PMS is one of the least understood, let alone culturally sympathized, phenomena which half of the planet suffers through. It’s a different experience for each of us – some women breeze right through it with only a twinge or two, while others are in legitimate misery for 2 weeks straight. Some of us become a little forgetful or momentarily crabby, while others among us become veritable gargoyles. Then, throw in the hormonal fluctuations, and you find yourself shamelessly horny after changing out your tampon. Like, now?? Seriously?!
Sexting may not seem like the answer for this phase of unadulterated natural sexism. But it can be! Hear me out! When you’re first dating someone who really excites you, you’ll sext with them through your whole period, under the guise of being “unavailable” because you don’t want to reveal the vulnerable and inhabitable state your vagina is in right now. They just think you’re playing a little hard to get, and they’re willing to work for it. Under normal circumstances, you’d consider your mood swings as crazy, right? Going from dominatrix (because of your irritability), to sweet and needy (because you hurt and need some comfort) within the course of about 15 minutes. But ask any guy over 40, and he’ll tell you that “crazy is sexy”, or at least, that was his experience in his 20s.

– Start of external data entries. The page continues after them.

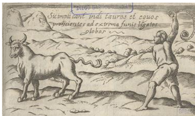
Fig. 5 Grabado. Forma del indígena de lacear un toro.

“Pero aun quando Ovalle podía describir a los mapuches como nobles, estos seguían siendo a sus ojos unos bárbaros, que ‘en sus venganças son notablemente crueles, despedaçando inhumanamente al enemigo quando le han a las manos, leuantandole en las picas, arrancandole el coraçon, haziendole pedaços, y relamiendose como fieras en su sangre’. Esta ambigüedad en la imagen de los indígenas chilenos, presentados simultáneamente por Ovalle como nobles guerreros y como envilecidos salvajes, se explica por el doble origen que Ovalle le atribuía a las características morales de los mapuches” (Prieto, 2010: 14).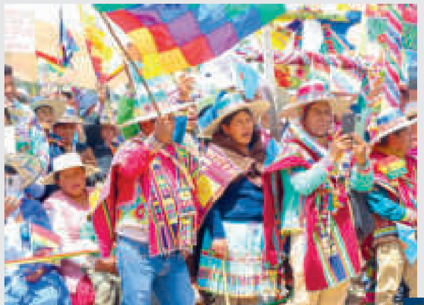
Los pueblos indígenas confirmaron su presencia en la urbe alteña.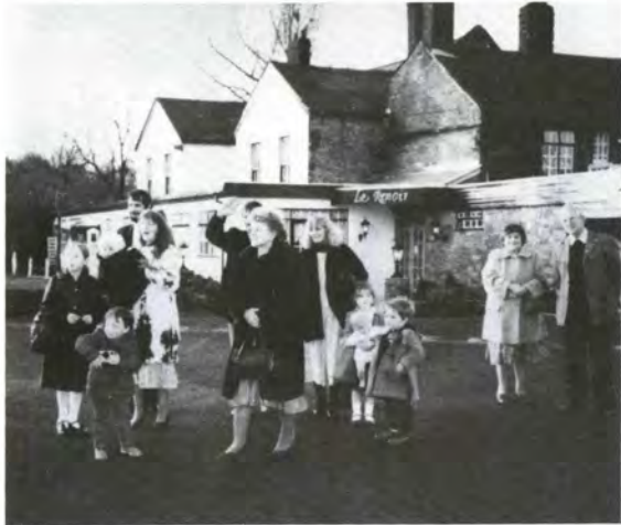
ホストファミリーに別れを告げ、フランスへ

建物の高さがそろう、それでいてそれぞれの建物の装飾が違うんです。 また、普通の建物にも芸術的なところがあるんです。 原 外国へ足を踏み入れたときには、写真でも見ているような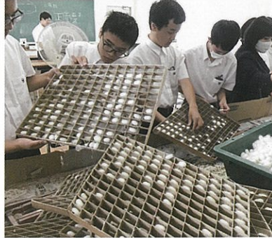
養蚕プロジェクト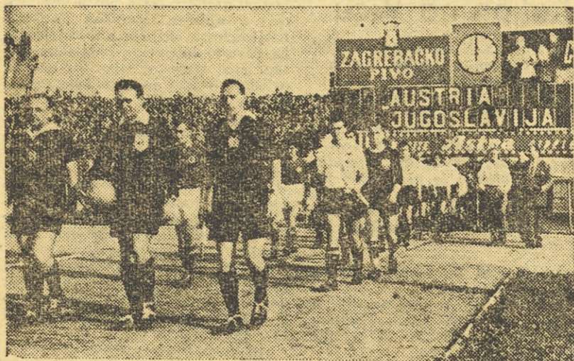
Takole se je začelo: med navdušenim vzklikanjem 45.000 gledalcev sta prikorakali obe reprezentanci na stadion Dinama v Maksimiru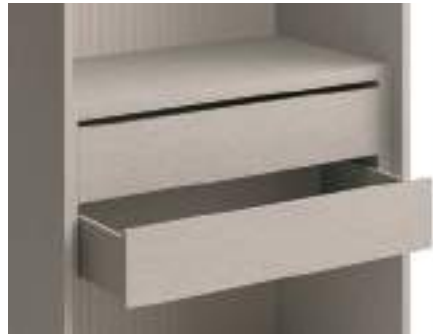
Cassetti tipo A con apertura / Type A Drawer with opening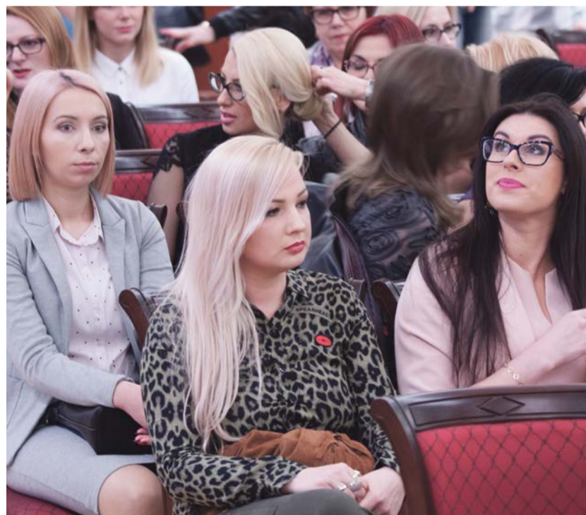
Wiele profesji, wiele pasji, ale z pewnością łączy je jedno - miasto Żary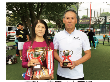
優勝 安原ご夫妻組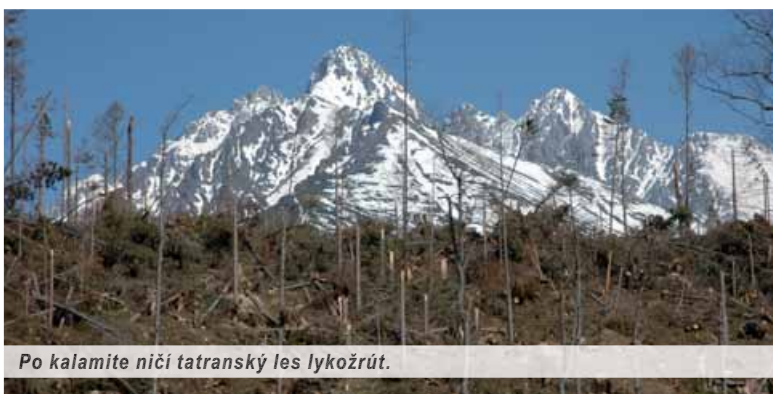
Po kalamite ničí tatranský les lykožrút.

Napriek tomu, alebo možno práve preto, že na Slovensku sa dlhodobo tretí sektor považuje za výkonný politický orgán oprávnený rozhodovať o všetkom, dostali sa až dvaja bývalí ministri životného prostredia pred prokurátora; dokonca ich spis už prevzal aj Úrad boja proti korupcii. Obvinenie je postavené na konštatovaní, že ministri v roku 2004 nepovolili v lokalite postihnutej veternou smrťou ťažbu kalamitného dreva. Ibaže – v piatom stupni ochrany, v ktorom sa táto lokalita nachádza, je takáto ťažba zákonom jasne zakázaná. A tak do jednej pasce padol minister bývalej SMK spolu s ministrom bývalej SNS. Dôvod tohto právneho nezmyslu spočíva práve v existencii istej odnože ekoterorizmu na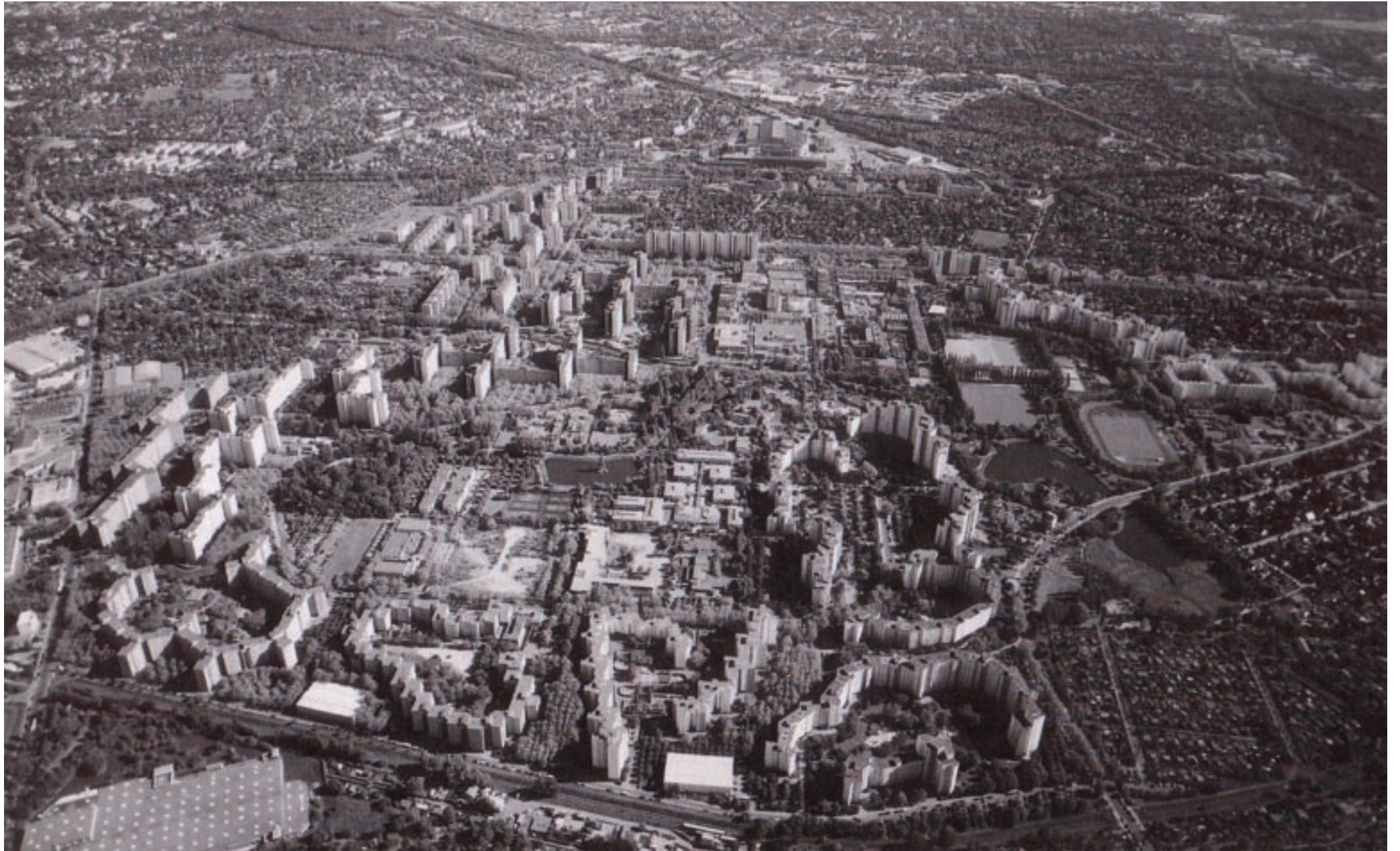
Märkisches Viertel, Luftbild 2004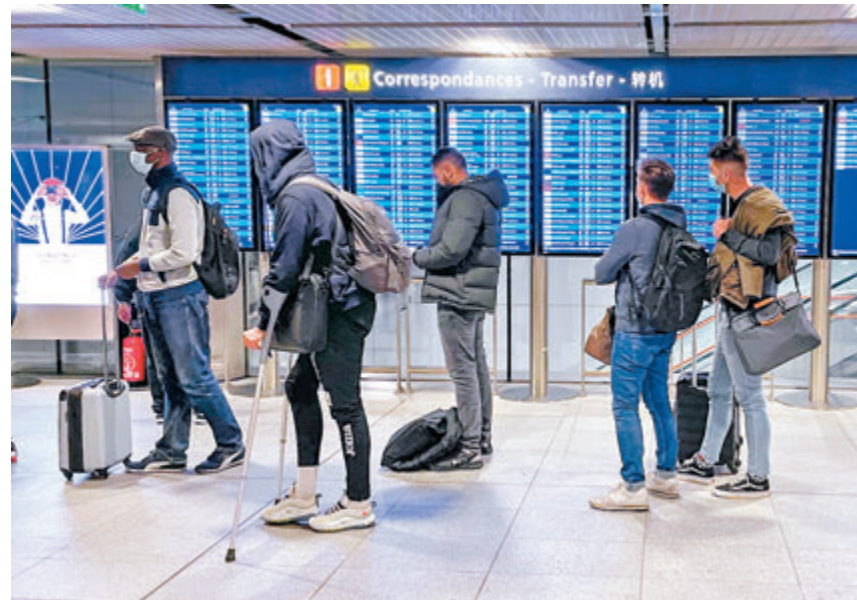
香港特區政府昨日深夜刊憲，收緊入境防疫規定，今天起所有於登機當天或之前21天曾逗留南非超過兩小時的人士，禁止登機前來香港。

香港文匯報訊（記者 文森）全球新冠肺炎疫情嚴峻，繼英國之後，南非發現另一種變種新冠病毒。香港特區政府昨日深夜刊憲，收緊入境防疫規定，今天起所有於登機當天或之前21天曾逗留南非超過兩小時的人士，禁止登機前來香港。其他海外抵港人士，不論經機場或陸路口岸入境，必須到指定檢疫酒店強制檢疫21天，「疫監期」較之前延長7天。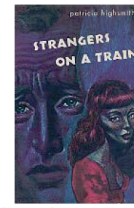
Portada de la primera edición de «Extraños en un tren», que se publicó en 1950

realidad es que el libro es una de esas novelas que sorprenden por su planteamiento sencillo y la complejidad psicológica que alcanza. El encuentro casual entre un hombre que desea separarse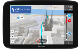
TomTom GO Navigator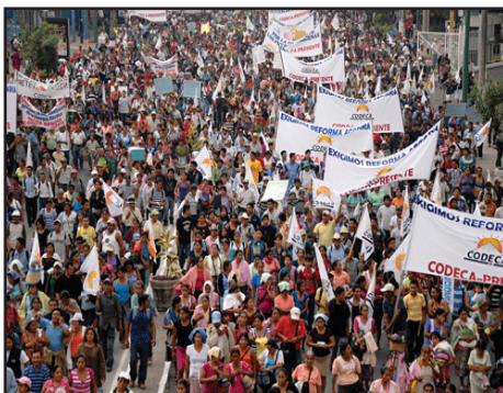
GUATEMALA.- Protesta de campesinos y trabajadores de la salud

BOLIVIA: 60 ANIVERSARIO DE LA REVOLUCION DE 1952

But sexting also alleviates a lot of your PMS symptoms because it distracts you from your physical discomforts. It puts butterflies in your belly, instead of just bloat. It doesn’t require the use of any body part that may be clumsy or achy or too swollen to move. Plus, you can be as naughty as you want – more than you’d normally ever be, in real life, in the bedroom – because chances are, your phone lover will forget the specifics by the time you’re ready for public appearances. They’re just left with the impression that you’re super sexy, and they want it!!
Even if you end up never running your fingers through your [unwashed] hair, touching your own [aching] breasts, running your fingers in a sexy curve down your [bloated] belly, and certainly didn’t really plunge your fingers into your lady parts – they don’t need to know that! You can still fulfill another’s desires, and increase their longing for you, while you’re halfway through a pint of ice cream, using chips as a spoon – since you’re just lounging around on the couch, anyway! So, when you’re back to feeling like yourself, you’ll know exactly what this phone lover can really do to get you turned on, when (and if) you actually do get together!